SLAC plays host to part of the GLAST project, a collaborative international project also known as Fermi Gamma-ray Space Telescope, the principle objectives of which are:

  • To understand the mechanisms of particle acceleration in AGNs, pulsars, and SNRs.
  • Resolve the gamma-ray sky: unidentified sources and diffuse emission.
  • Determine the high-energy behavior of gamma-ray bursts and transients.
  • Probe dark matter and early Universe.

KIPAC

The Kavli Institute for Particle Astrophysics and Cosmology (KIPAC) is partially housed on the grounds of SLAC, in addition to its presence on the main Stanford campus.

LCLS

The Linac Coherent Light Source (LCLS) is a free electron laser facility located at SLAC. The LCLS is partially a reconstruction of the last 1/3 of the original linear accelerator at SLAC, and can deliver extremely intense x-ray radiation for research in a number of areas.
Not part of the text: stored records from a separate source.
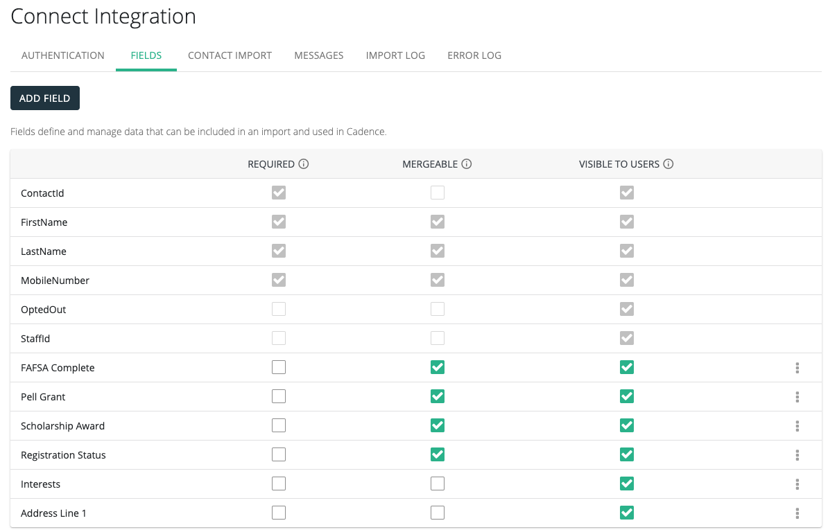 In order to successfully import data from one of the fields on the contact record in Connect, the field must first be configured in Mongoose. The purpose of configuring fields in Mongoose is to specify how the fields should be named in the platform and to set permissions.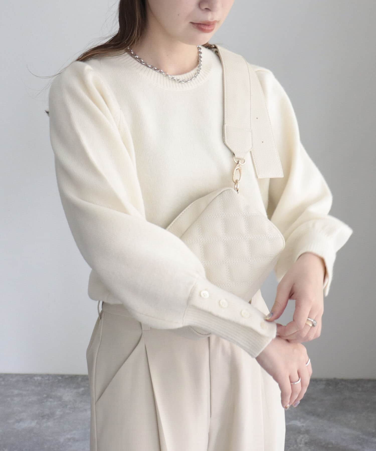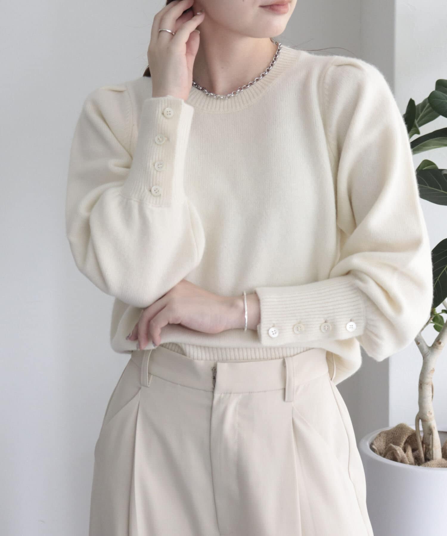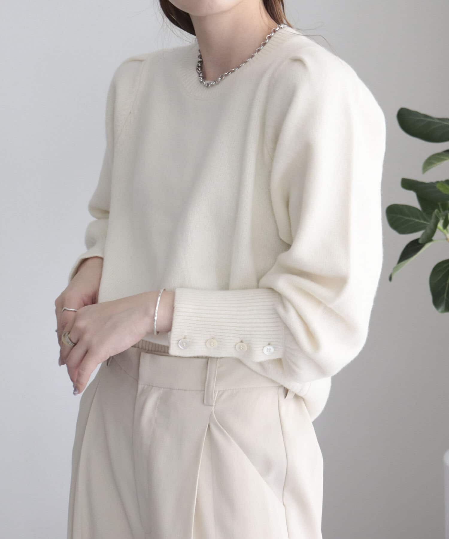 ・ゆったりとしたボリューム袖は、袖口のボタンがアクセントに。ボタンを外すとデザインを変えて楽しめます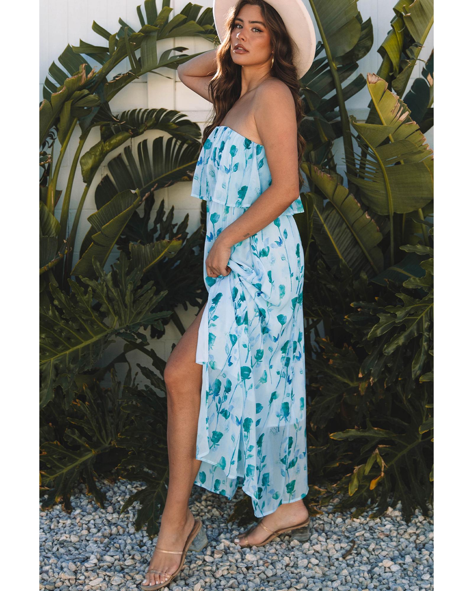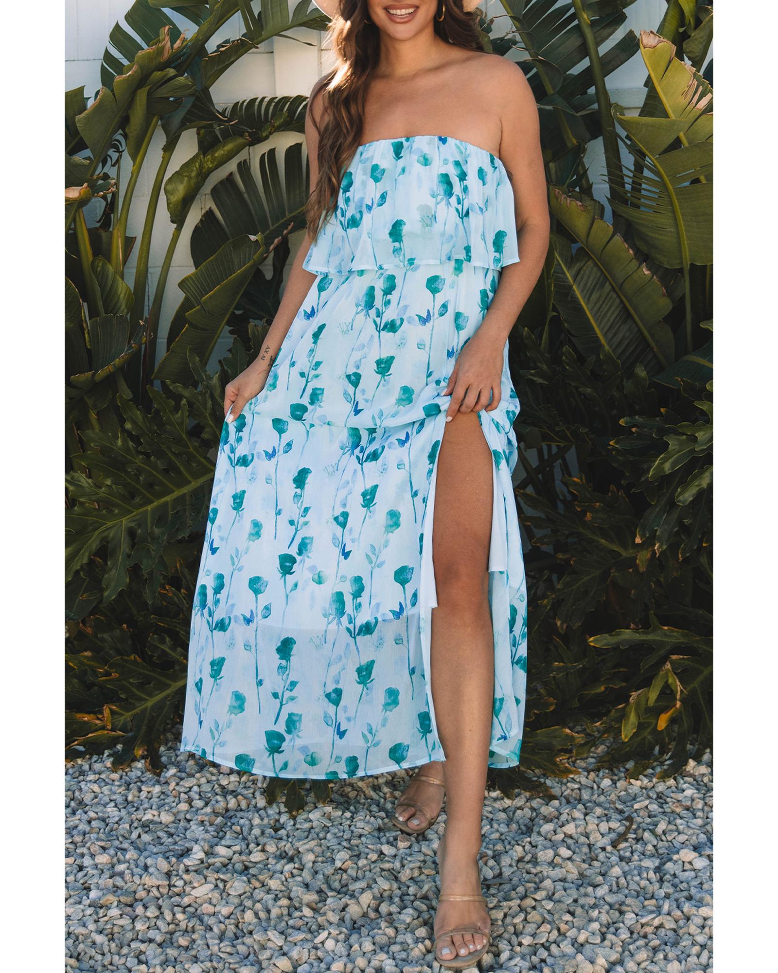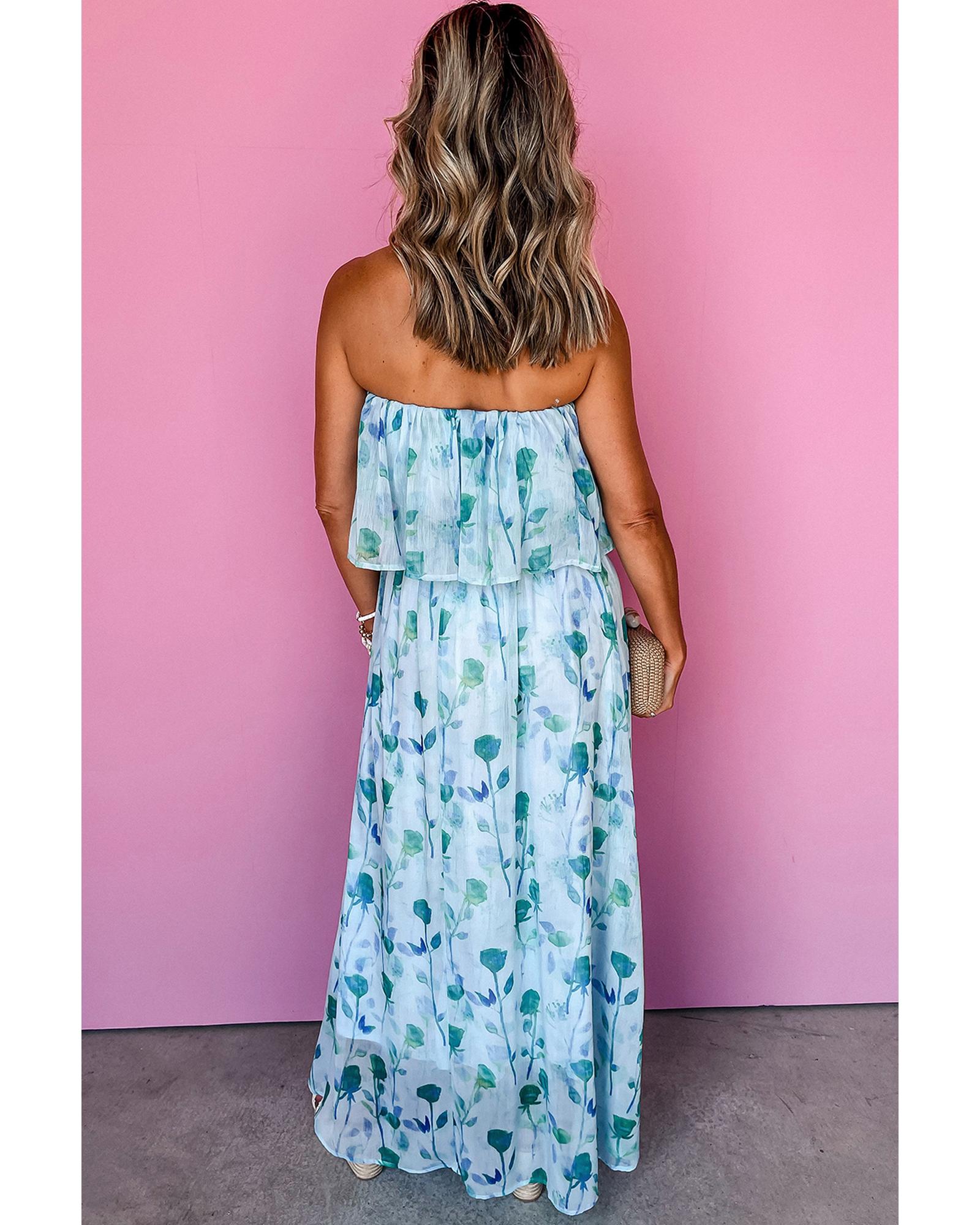 Green Floral Print Ruffled Side Slit Tube Top Maxi Dress – XL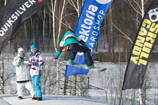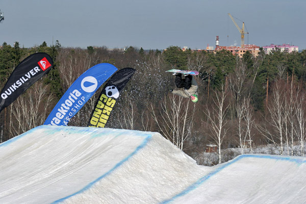 Далее выступали парни в дисциплине new school. И вот тут развернулась нешуточная борьба. Лучшие серии показали: Евгений Ветошкин со связкой 540 + sw720 и один из братьев Сучковых с серией cork720 и cork900. Так же не остались незамеченными попытки на 900 от команды «Пирожки».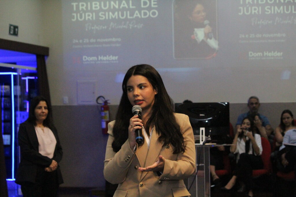 Entre os dias 24 (segunda-feira) e 25 (terça-feira), o Centro Universitário Dom Helder promoveu mais uma edição do Tribunal do Júri Simulado Michel Reiss. Realizado no auditório da Instituição, o evento foi conduzido pela Professora Maria Carolina Reis e pelo Professor Carlos Henrique Amaral, reunindo estudantes que atuaram como jurados e contando também com a presença do público externo. A atividade foi direcionada aos alunos do 1º e do 7º períodos.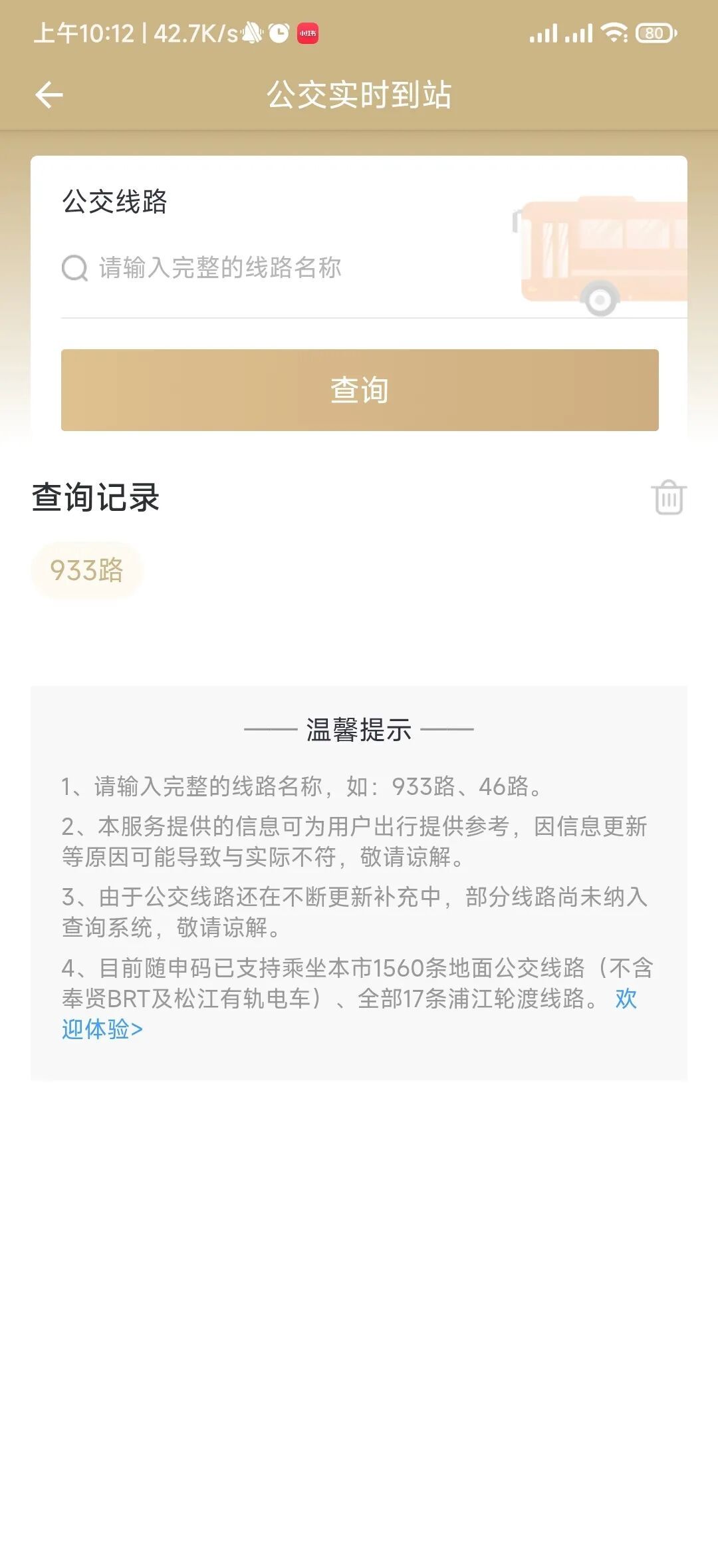 进入查询页面后,输入想要查询的完整线路名称,进入线路页面后选择您想查询的站点,就可以找到相应的车辆牌号,查看到站时间。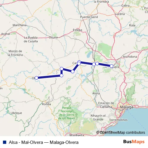 The first stop of the Alsa - Mal-Olvera bus route is Antequera and the last stop is Olvera. Alsa - Mal-Olvera (Malaga-Olvera) is operational during cada dia.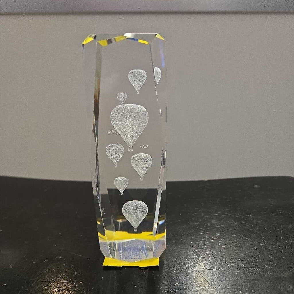 Crystal paperweight featuring internal 3D laser etchings of hot air balloons.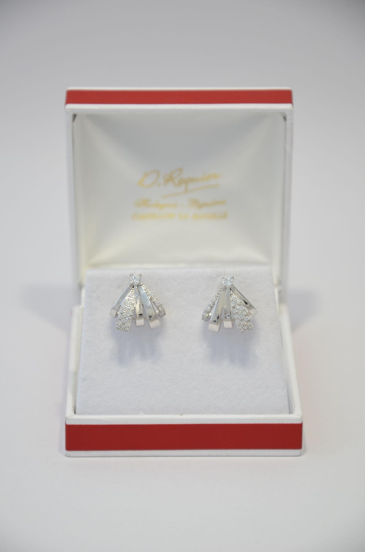 BOUCLES D'OREILLES ARGENT RHODIÉ MOTIF MODERNE ALTERNÉ PAVAGE OXYDES HAUT.15 MM 4.02 G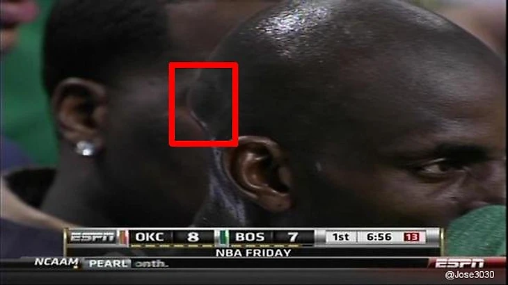 Голова Кевина Гарнетта попала под локоть одного из «малышей» «Оклахомы», чья личность так и не была установлена.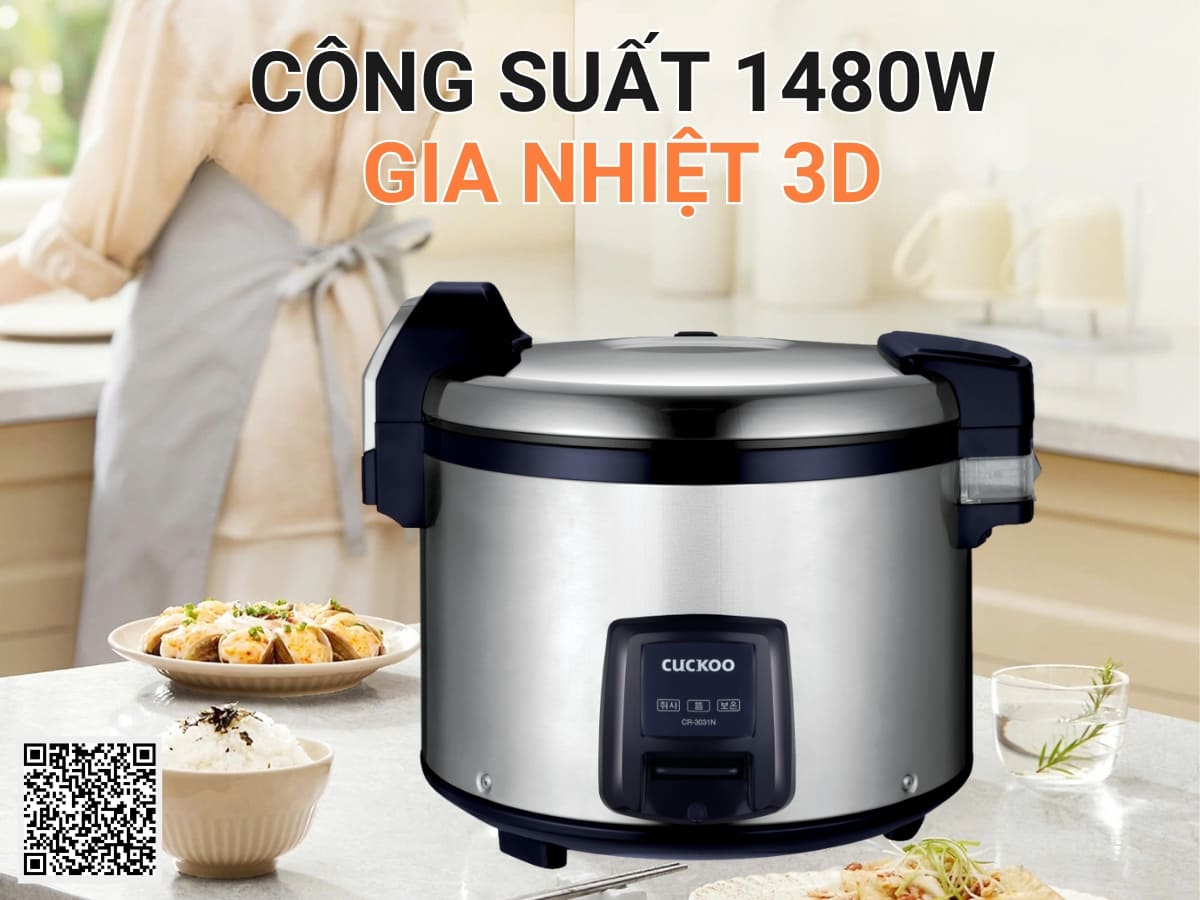 Nồi cơm điện Cuckoo CR-3031N hoạt động mạnh mẽ với công suất 1480W và công nghệ nhiệt 3D giữ nhiệt 3 chiều mang lại hiệu quả nấu cơm nhanh chóng với khối lượng gạo lớn, chín đều và giữ trọn được hương vị thơm ngon của nguyên liệu khi nấu, đảm bảo các chất dinh dưỡng được giữ lại tối ưu nhất.
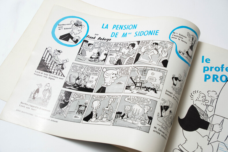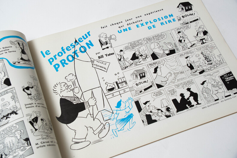 Editions Opera Mundi / KFS ( King Features Syndicate ), sans date ( années 1950/60 ). In-4 broché a l'italienne, non paginé, au format 37 x 27 cm. Couverture avec titre. Dos toilé bordeaux. Livre publicitaire présentant les séries déssinées KFS, traduites en plus de 30 langues dans 100 pays et publiés dans plus de 500 journaux. Tirage sur couché. Reproductions en noir de planches en strip dont : Blondie par Chic Young, La Famille Illico par Vern Greene, M.Abernaty par Ralston Jones et Frank Ridgeway, Hippolyte et Clémentine par Mark Walter et Dik Brownen, Popeye par Tom Sims, Mme Sidonie par Frank Roberge, La Famille Flop par Swan, Henry par Carl Anderson, Félix le Chat par Joe Oriolo, Myrtille par Dudley Fisher, Beetle Bailey par Mort Walker, Nestor le futé par Burnett Crandall, Pim Pam Poum par Joe Musial, Le Petit Roi par O.Soglow, Le Colonel Duchesse par Chic Young, Les nouvelles Eves par Don Flowers, Juliette de mon coeur par Stan Drake, Rip Kirby par John Prentice, Guy l'Eclair par Dan Barry et Mac Raboy, Agent Secret X9 par Bob Lewis, Johnny Hazard par Frank Robbins, Luc Bradefer par Paul Norris, Le Fantôme par Lee Falk et Wilson McCoy, Mandrake par Lee Falk et Phil Davis, Steve Canyon par Milton Caniff, Prince Valiant par Hal Foster, Mickey, Donald, Scawp, etc par les studios Walt Diney. Superbe état général. Très rare édition originale en petit tirage hors commerce.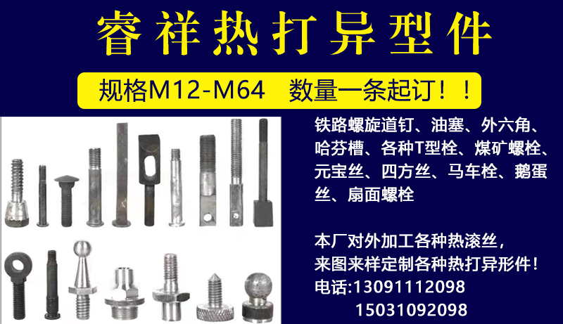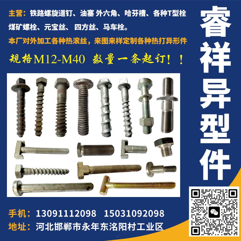 主营产品:铁路螺旋道钉、四方栓、油塞、外六角、哈芬槽、各种T型栓、煤矿螺栓、元宝丝、四方丝、马车栓、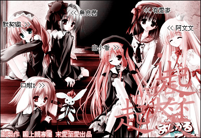 - 小煤炭、自恋陌、死大卓、成熟默、早熟莹、狮子妹、死昔派、阿晴晴、爪子妈 。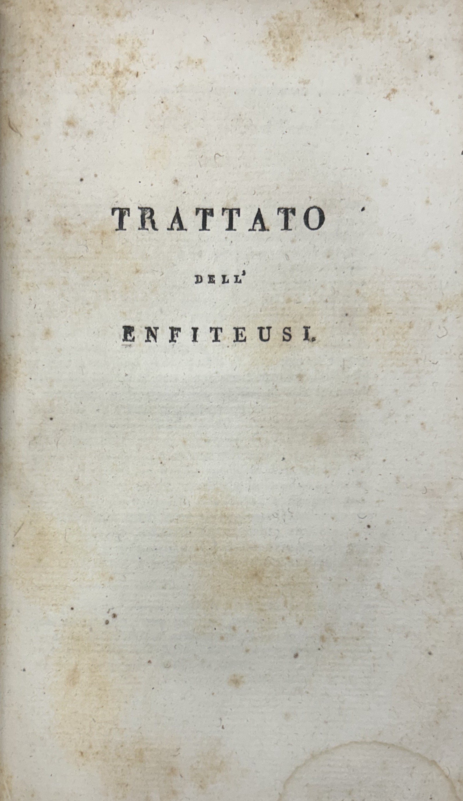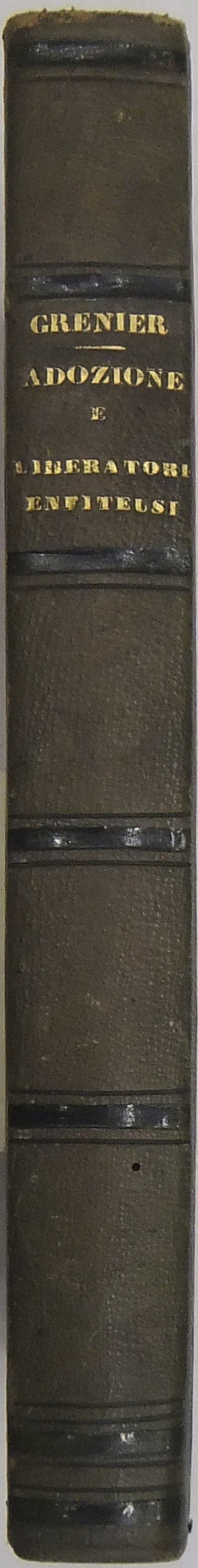 Trattato dell'adozione e della tutela officiosa ovvero Analisi ragionata del titolo del codice civile relativo a tali materie preceduto da un discorso sull'adozione del Signor Barone Grenier.. Prima versione italiana eseguita sull'ultima edizione francese ed adattata alle leggi attuali del Regno delle due Sicilie dal Signor.. UNITO A: Trattato dell'enfiteusi (Autore anonimo senza luogo editore e data di edizione)
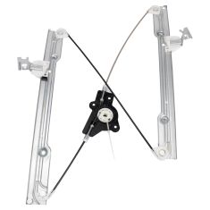 Put it down on the motor. You may have to turn it a little bit until the gear decides it wants to mesh. Let's see. OK, and then put your 8-mm bolts back in. And speed up here again. So I put each bolt in by hand first. Then use the socket and ratchet to tighten them up. When you tighten them up be careful not to over tighten them. You want to tighten them nice and firm, but you don't have to make them too tight. OK, now you want to take the motor, turn it over, and then you want to put your panel on top here. The regulator comes through. OK, and then position the motor so that you can see the holes. And we'll start in these bolts for the motor. Basically what you want to do here is you're bolting the motor back on, and I'm just kind of speeding through this. Put all three bolts into the window motor by hand first. Then tighten them up nice and firm, and then you want to put the nuts that hold the window regulator rails to the panel. You want to put those on just by hand, and then put the harness through and lock that plug in place. OK, then I'll take your panel and put it up in. Make sure the top, the rails go inside the door. Lift it up. Make sure our harness isn't getting tangled up here. I'm going to have to reach back a little bit, make sure that the regulator goes in there correctly. Now I'm going to obviously speed up as we put those bolts back into the perimeter of the door panel. Tighten them up and then also tighten up the nuts that hold the window regulator rails onto the panel, as well as just do a quick check on the motor to make sure those are tight.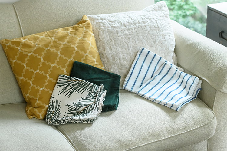 四季の移ろいをインテリアにも取り入れるよう心がけているペレさん。色や柄、素材感で季節感を印象づけられるファブリックはとても便利で、特に気軽に交換できるクッションカバーはお気に入り。白×ブルーのさわやかなストライプ柄は夏に、深いグリーンや針葉樹を思わせる葉の柄はクリスマスシーズンを盛り上げるのに愛用しています。

It achieved first lasing in April 2009.[14]

Aerial photo of the Stanford Linear Accelerator Center, with detector complex at the right (east) side

The laser uses hard X-rays, 1×10^9 the relative brightness of traditional synchotron X-rays, in order to take "snapshots" of objects on the nearly atomic level before obliterating samples. The laser's wavelength is similar in width to an atom, providing extremely detailed images on a scale previously unattainable. Additionally, the laser is capable of capturing images with a "shutter speed" measured in femtoseconds, or trillionths of a second, necessary because the intensity of the beam is such that it nearly instantly destroys its subject.[15]

Other discoveries

  • SLAC has also been instrumental in the development of the klystron, a high-power microwave amplification tube.
  • There is active research on plasma acceleration with recent successes such as the doubling of the energy of 42 GeV electrons in a meter-scale accelerator.
  • There was a Paleoparadoxia found at the SLAC site, and its skeleton can be seen at a small museum there in the Breezeway.[16]
  • The SSRL facility was used to reveal hidden text in the Archimedes Palimpsest. X-rays from the synchrotron radiation lightsource caused the iron in the original ink to glow, allowing the researchers to photograph the original document that a Christian monk had scrubbed off.[17]

See also

References

  1. ^ a b "SLAC renamed to SLAC Natl. Accelerator Laboratory". The Stanford Daily (The Stanford Daily Publishing Corporation). 2008-10-16. http://www.stanforddaily.com/2008/10/16/slac-renamed-to-slac-natl-accelerator-laboratory/. Retrieved 2008-10-16. 
  2. ^ "Stanford Linear Accelerator Center renamed SLAC National Accelerator Laboratory / New Name Honors Successful Past, Launches a Future of Scientific Expansion". (press release), SLAC National Accelerator Laboratory. 2008-10-15. Archived from the original on 2011-07-20. http://www.webcitation.org/60KDpnZad. Retrieved 2011-07-20.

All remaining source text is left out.